▶ _About this exercise_: Every line below is to be copied exactly, with the pictures left out.

▶ _Provided data_:
-- Opening Marker --
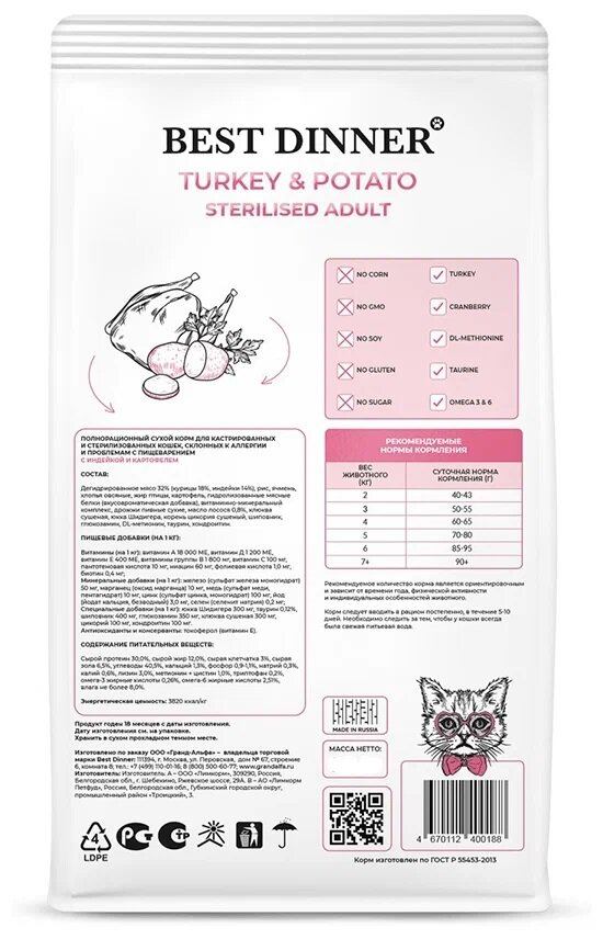 BEST DINNER CAT ADULT STERILISED TURKEY & POTATO для взрослых кастрированных котов и стерилизованных кошек с чувствительным пищеварением с индейкой и картофелем (0,4 кг)
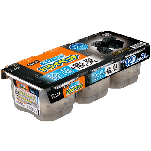 除湿剤に備長炭と活性炭を特殊配合しているので、湿気を取りながら、気になるニオイを脱臭します。
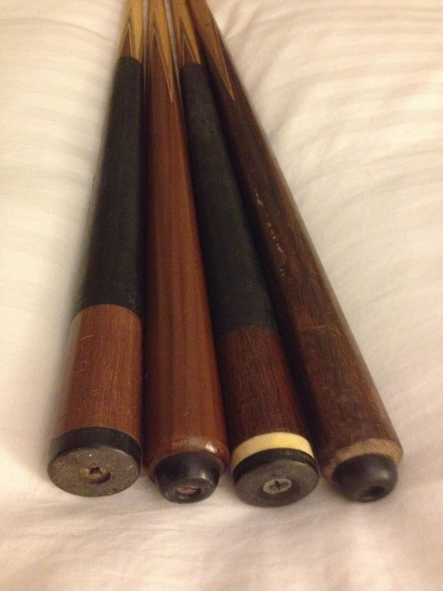 Fellas, I've been collecting these for a few yrs and never was able to tell what types of wood each one of these are.. my guess from left to right - purple heart, oak, ?, ? , oak.
-- Closing Marker --
▶ _Solution for this problem_:
 BEST DINNER CAT ADULT STERILISED TURKEY & POTATO для взрослых кастрированных котов и стерилизованных кошек с чувствительным пищеварением с индейкой и картофелем (0,4 кг)
 除湿剤に備長炭と活性炭を特殊配合しているので、湿気を取りながら、気になるニオイを脱臭します。
 Fellas, I've been collecting these for a few yrs and never was able to tell what types of wood each one of these are.. my guess from left to right - purple heart, oak, ?, ? , oak.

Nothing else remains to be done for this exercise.